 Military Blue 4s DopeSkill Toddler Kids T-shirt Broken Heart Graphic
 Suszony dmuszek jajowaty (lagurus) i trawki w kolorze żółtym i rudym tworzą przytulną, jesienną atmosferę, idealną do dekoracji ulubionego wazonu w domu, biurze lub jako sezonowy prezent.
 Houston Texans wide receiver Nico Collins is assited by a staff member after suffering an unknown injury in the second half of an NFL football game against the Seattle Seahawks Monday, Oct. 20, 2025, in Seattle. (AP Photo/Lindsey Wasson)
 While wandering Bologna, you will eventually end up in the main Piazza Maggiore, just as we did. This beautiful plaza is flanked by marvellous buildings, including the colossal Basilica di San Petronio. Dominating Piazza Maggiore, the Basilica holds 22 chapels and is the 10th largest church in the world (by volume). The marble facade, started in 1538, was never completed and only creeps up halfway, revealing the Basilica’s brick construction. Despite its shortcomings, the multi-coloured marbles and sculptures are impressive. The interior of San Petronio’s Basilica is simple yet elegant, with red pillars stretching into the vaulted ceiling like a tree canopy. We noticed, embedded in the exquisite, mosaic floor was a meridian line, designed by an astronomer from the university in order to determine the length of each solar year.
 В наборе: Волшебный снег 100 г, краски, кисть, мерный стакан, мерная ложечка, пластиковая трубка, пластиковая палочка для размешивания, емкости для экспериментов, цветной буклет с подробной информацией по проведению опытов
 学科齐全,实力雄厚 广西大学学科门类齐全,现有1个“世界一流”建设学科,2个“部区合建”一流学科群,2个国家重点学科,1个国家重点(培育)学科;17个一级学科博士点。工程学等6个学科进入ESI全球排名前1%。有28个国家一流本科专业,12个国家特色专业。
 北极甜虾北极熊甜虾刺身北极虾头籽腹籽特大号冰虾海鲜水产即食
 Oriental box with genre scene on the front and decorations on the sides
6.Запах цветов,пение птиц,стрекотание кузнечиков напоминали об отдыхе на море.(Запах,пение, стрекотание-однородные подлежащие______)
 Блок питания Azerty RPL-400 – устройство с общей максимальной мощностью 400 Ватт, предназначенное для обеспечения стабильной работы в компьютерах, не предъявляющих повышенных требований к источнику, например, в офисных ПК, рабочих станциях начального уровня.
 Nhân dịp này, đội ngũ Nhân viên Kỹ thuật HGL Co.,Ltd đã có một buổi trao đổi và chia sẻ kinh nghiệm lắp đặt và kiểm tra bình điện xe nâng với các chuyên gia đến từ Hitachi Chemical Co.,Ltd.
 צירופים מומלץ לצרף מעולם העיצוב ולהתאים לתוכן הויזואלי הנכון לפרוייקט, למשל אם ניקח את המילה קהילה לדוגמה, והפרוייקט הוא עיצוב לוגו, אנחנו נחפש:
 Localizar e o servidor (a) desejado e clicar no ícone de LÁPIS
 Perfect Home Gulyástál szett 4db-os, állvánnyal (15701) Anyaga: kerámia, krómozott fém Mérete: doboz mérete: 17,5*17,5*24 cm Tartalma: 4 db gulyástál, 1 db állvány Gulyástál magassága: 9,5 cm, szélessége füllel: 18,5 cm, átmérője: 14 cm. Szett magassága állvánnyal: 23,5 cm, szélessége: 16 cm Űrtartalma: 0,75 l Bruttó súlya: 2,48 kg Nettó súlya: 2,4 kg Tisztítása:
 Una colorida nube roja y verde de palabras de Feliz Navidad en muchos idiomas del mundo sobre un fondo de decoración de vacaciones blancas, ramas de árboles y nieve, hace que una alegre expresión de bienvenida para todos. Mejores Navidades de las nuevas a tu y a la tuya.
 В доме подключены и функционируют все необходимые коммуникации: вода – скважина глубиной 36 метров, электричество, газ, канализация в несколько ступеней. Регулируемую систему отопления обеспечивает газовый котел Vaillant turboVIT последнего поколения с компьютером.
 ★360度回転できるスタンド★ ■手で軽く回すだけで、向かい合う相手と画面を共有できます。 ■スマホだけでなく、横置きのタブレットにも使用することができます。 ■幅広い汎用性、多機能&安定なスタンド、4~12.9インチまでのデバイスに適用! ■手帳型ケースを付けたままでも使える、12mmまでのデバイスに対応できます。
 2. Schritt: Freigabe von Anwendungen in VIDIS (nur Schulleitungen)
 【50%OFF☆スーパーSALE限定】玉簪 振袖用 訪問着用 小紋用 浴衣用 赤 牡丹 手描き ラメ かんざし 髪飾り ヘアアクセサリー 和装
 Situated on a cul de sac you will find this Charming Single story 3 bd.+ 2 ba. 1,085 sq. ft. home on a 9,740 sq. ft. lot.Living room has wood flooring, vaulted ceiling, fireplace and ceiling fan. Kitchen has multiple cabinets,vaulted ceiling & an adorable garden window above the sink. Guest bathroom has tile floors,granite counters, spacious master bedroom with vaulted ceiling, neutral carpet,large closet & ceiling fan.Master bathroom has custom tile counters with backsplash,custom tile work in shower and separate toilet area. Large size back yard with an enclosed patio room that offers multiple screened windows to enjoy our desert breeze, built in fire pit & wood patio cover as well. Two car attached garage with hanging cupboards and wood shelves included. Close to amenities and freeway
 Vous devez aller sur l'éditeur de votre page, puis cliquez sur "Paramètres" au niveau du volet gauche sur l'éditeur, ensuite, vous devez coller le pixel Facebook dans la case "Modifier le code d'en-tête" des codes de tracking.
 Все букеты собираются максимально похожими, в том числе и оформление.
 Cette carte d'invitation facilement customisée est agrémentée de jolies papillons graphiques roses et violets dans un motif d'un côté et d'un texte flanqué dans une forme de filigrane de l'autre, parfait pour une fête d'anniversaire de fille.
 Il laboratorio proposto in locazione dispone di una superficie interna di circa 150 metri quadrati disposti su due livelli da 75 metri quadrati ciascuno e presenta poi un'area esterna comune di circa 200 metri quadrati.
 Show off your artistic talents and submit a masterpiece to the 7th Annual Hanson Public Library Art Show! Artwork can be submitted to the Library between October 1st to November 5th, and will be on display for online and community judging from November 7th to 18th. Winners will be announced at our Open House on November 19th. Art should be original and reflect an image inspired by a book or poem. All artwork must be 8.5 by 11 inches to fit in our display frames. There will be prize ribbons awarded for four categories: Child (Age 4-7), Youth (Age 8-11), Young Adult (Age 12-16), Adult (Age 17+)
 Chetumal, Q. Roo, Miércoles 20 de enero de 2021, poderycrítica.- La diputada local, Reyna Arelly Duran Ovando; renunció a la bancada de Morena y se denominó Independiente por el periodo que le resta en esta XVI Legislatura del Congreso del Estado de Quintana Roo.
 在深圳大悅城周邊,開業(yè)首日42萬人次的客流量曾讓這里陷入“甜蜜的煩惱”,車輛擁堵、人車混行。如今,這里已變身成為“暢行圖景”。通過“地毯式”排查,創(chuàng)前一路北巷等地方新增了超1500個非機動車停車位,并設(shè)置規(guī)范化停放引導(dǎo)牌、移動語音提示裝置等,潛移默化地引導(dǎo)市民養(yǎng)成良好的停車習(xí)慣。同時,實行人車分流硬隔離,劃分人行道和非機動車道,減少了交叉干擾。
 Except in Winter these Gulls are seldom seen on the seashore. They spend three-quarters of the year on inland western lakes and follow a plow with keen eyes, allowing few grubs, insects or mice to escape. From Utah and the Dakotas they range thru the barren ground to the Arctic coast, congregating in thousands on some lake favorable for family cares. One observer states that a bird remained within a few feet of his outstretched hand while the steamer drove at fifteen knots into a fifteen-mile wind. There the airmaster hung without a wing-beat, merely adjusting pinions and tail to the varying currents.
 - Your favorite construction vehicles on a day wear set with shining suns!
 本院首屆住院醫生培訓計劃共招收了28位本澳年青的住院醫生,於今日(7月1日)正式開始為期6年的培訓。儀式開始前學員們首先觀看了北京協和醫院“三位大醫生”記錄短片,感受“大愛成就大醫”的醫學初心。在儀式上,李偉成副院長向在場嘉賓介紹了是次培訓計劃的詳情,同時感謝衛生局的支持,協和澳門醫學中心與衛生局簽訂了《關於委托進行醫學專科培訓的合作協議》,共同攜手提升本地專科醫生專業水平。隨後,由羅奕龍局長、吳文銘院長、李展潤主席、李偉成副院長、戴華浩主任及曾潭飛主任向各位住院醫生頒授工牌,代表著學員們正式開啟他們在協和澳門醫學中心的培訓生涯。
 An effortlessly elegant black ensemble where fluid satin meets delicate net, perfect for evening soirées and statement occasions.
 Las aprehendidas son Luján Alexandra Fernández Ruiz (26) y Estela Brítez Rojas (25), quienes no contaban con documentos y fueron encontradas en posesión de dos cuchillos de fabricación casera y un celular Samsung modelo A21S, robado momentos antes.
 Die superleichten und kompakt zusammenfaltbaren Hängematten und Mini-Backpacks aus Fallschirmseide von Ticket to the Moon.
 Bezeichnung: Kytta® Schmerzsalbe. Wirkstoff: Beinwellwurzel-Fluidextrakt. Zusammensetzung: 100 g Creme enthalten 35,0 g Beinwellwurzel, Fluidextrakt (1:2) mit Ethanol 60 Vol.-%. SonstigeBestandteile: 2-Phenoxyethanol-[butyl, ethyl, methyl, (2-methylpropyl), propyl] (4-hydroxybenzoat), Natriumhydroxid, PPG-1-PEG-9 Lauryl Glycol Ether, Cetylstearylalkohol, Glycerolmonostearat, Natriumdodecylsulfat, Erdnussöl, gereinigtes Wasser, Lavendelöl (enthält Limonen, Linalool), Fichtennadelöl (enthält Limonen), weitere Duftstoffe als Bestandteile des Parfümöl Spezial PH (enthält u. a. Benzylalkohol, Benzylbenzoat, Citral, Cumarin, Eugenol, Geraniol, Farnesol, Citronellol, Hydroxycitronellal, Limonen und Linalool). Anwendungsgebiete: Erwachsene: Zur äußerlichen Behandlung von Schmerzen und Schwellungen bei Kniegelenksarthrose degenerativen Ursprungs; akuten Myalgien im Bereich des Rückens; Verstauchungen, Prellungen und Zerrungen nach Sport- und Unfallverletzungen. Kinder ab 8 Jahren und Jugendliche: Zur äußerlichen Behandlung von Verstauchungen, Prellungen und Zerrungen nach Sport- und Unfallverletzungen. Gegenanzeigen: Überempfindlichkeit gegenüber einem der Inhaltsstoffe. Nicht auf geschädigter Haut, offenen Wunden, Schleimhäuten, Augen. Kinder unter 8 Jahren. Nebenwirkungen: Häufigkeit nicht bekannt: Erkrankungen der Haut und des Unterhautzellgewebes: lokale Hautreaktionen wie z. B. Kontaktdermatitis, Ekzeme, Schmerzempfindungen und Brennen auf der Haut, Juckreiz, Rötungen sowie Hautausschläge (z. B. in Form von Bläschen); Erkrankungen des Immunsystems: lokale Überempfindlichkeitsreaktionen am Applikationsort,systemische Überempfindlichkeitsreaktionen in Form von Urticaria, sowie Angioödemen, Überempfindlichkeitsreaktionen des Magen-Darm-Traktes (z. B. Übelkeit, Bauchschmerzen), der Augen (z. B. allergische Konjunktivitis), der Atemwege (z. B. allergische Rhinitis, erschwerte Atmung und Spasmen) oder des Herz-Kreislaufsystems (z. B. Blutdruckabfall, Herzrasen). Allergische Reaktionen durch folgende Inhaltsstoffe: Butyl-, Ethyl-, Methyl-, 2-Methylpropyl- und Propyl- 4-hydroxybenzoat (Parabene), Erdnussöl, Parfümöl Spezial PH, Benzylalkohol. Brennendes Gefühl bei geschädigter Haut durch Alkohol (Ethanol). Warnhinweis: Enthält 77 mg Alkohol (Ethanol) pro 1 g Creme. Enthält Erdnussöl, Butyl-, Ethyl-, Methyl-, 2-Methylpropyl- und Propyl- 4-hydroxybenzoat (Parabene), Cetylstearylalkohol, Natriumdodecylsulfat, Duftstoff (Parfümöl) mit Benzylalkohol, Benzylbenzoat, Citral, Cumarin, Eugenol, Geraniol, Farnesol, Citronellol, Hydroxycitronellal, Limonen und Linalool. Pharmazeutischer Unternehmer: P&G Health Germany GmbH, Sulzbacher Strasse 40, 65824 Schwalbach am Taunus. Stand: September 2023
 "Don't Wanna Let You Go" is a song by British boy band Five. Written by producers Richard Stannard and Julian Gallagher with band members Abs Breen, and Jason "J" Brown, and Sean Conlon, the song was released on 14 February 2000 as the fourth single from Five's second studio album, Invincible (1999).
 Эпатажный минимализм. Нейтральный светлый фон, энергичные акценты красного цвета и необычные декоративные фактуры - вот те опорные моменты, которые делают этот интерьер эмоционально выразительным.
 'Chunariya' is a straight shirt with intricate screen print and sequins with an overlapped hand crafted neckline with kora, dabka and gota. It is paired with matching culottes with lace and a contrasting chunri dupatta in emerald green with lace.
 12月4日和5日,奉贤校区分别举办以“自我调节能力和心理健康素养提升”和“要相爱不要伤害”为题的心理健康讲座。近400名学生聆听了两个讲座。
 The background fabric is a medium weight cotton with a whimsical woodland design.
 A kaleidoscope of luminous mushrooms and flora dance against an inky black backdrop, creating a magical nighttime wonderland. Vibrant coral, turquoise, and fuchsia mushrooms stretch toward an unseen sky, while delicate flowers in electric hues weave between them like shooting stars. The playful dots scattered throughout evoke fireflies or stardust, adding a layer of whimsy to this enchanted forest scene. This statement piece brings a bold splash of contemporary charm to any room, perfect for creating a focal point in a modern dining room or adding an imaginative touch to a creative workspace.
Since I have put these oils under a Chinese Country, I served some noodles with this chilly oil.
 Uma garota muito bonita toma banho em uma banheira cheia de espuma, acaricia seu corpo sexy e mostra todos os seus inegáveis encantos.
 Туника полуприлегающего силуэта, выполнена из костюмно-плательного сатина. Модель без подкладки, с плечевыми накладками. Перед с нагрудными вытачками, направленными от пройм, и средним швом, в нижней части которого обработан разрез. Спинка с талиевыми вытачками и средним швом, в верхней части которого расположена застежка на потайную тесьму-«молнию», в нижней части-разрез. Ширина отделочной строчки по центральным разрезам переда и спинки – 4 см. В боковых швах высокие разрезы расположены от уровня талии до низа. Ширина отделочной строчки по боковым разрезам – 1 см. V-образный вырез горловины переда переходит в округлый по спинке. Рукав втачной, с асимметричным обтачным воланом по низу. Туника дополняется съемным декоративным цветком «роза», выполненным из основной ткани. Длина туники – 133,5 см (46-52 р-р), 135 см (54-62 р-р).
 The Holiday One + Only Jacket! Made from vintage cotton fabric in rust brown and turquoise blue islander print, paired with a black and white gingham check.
:::
Task prompt:
Copy only the lines in the listing that contain "shirt".

Answer to this problem:
 Military Blue 4s DopeSkill Toddler Kids T-shirt Broken Heart Graphic
 'Chunariya' is a straight shirt with intricate screen print and sequins with an overlapped hand crafted neckline with kora, dabka and gota. It is paired with matching culottes with lace and a contrasting chunri dupatta in emerald green with lace.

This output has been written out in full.